Ocular Cicatricial Pemphigoid (OCP) is a type of autoimmune conjunctivitis that leads to cicatrization (i.e. scarring) of the conjunctiva. If OCP is left untreated, it can lead to blindness.

The exact pathogenesis of OCP remains to be elucidated but the existing evidence supports a Type II hypersensitivity response caused by an autoantibody to a cell surface antigen in the basement membrane of the conjunctival epithelium and other similar squamous epithelia.

Investigations into the underlying target antigen have led to several possible suspects. The autoantigens responsible for bullous pemphigoid (BP230 (i.e. Bullous pemphigoid antigen I, a desmoplakin) and BP180 (i.e. Bullous pemphigoid antigen II, a transmembrane hemidesmosome)) were studied, and the sera of patients with OCP was shown to bind these antigens.

However, further investigation supports that the more likely autoantigen is actually the beta-4 subunit of the alpha-6 beta-4 integrin of hemidesmosomes.

Studies of HLA (human leukocyte antigen) typing have found an increased susceptibility to the disease in patients with HLA-DR4.

The HLA-DQB1*0301 allele in particular shows a strong association with OCP and other forms of pemphigoid disease.

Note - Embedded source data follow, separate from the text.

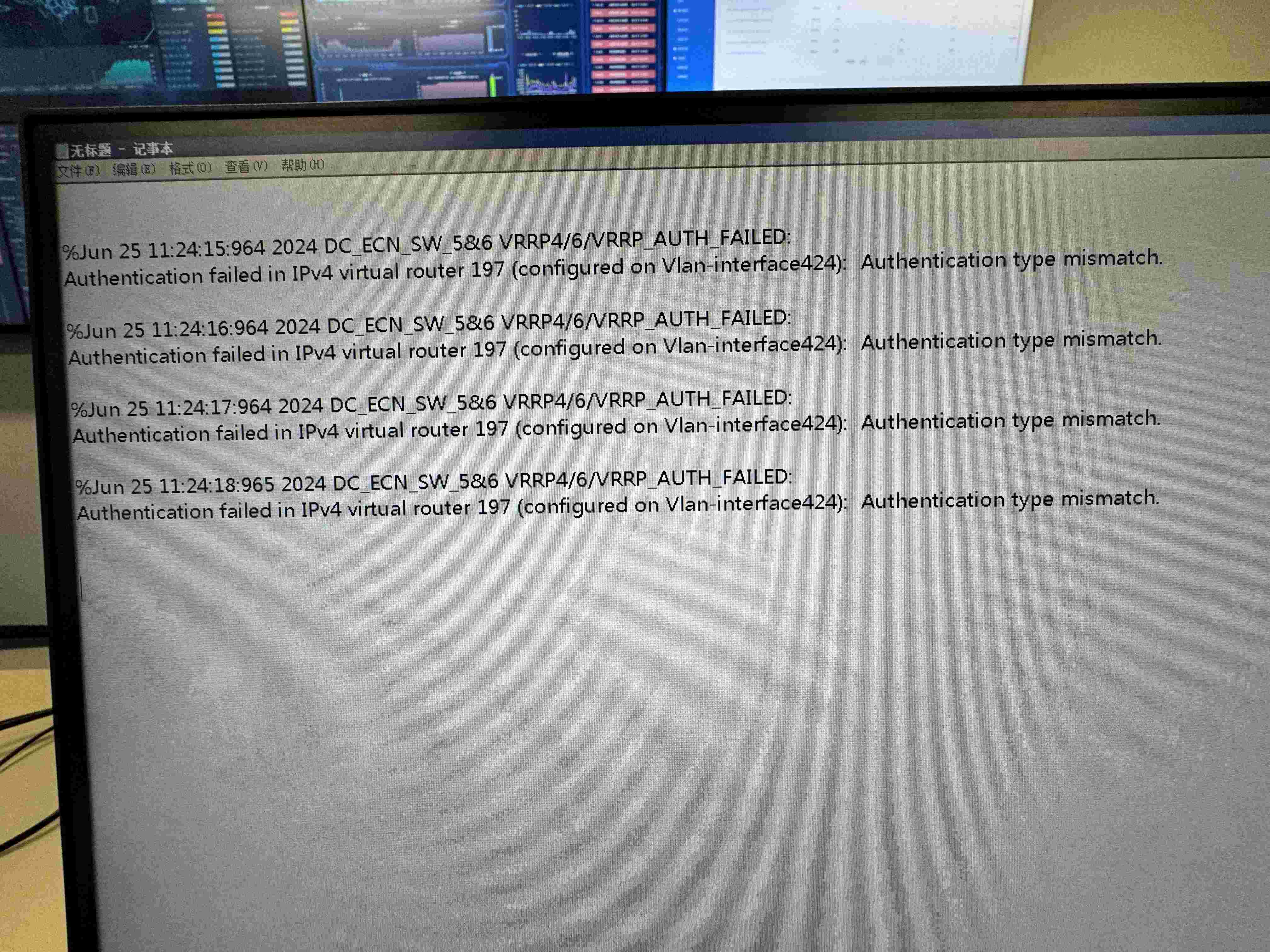 首先确认设备现在还在报错吗。然后display vrrp interface Vlan-interface 424 vrid 197 verbose确认一下Auth Type是不是都是None。最后抓包看看这个网段还有没有其它vrrp成员。如果这样还不能确认问题,建议升级软件版本再观察或咨询400。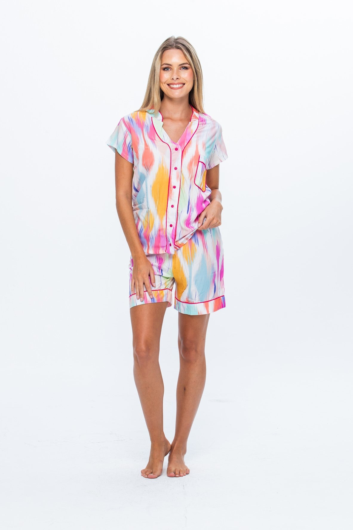 Crafted from the softest rayon with a button-up mandarin style shirt featuring a single front pocket and relaxed short sleeves. The matching elasticated shorts with contrast piping are tailored for a gentle, comfortable fit, ensuring you can unwind without restriction. The breathable fabric keeps you cool through warm summer nights while the classic silhouette brings timeless sophistication to your evening ritual.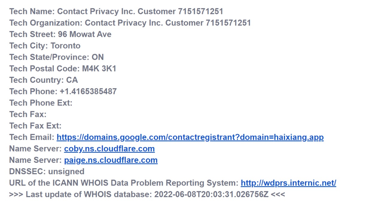 Também buscamos identificar o tipo de link existente na mensagem. Para isso, convidamos o professor do curso de Ciências da Computação, Hélio Lopes, para fazer uma análise Segundo ele, o endereço eletrônico está registrado no domínio hauxiang.app em Toronto, no Canadá, e que o seu objetivo é roubar os dados de quem preencher o formulário. Além disso, o número de telefone utilizado nos disparos no Whatsapp também é canadense.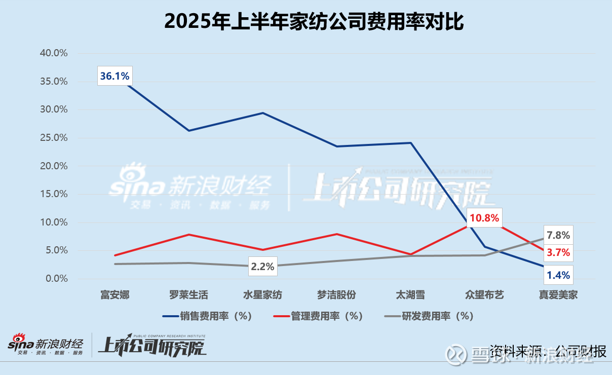 家纺公司的研发费用率基本在3%-4%之间。2025年上半年,真爱美家研发费用率达7.8%领跑,水星家纺以2.2%研发费用率垫底。罗莱生活、梦洁股份、众望布艺研发投入均以双位数减少,富安娜研发直接投入同比锐减近六成。

HLA-DQB1*0301 is thought to bind to the beta-4 subunit of the alpha-6 beta-4 integrin (the suspected autoantigen in OCP).

Incidence rates vary between 1 in 12,000 to 60,000. A study in the UK found that Ocular Cicatricial Pemphigoid (OCP) represents 61% of cicatricial conjunctivitis and is estimated to occur with an incidence of 1 in 1 million.

Women are affected more than men by a ratio of 2:1. Age on onset is usually age 60 to 80 and rarely younger than 30. There is no racial predilection.

Diagnosis


Diagnosis is based on clinical signs and positive direct immunofluorescence testing of the conjunctiva. Conjunctival biopsy of an actively involved area is needed and the conjunctival tissue must be submitted unfixed for analysis.

Ocular Cicatricial Pemphigoid

If involvement is diffuse, a biopsy of the inferior conjunctival fornix is recommended. A judicious biopsy is advisable as Ocular Cicatricial Pemphigoid (OCP) is an obliterating disease of the conjunctiva and only the minimal amount of tissue necessary should be removed.

Alternatively, a biopsy of an active oral mucosa lesion can be diagnostic as well. Immunofluorescence reveals linear staining of the epithelial basement membrane zone.

The sensitivity of immunofluorescence may be as low as 50%, especially for longstanding/severe cicatrization because of the loss of immunoreactants and the destruction of the basement membrane in longstanding disease.

Serological testing is not routinely used in diagnosis. Sequential photographs are useful to monitor clinical progression.

Differential Diagnosis


The differential diagnosis of Ocular Cicatricial Pemphigoid (OCP) is broad as it encompasses the differential for cicatricial conjunctivitis.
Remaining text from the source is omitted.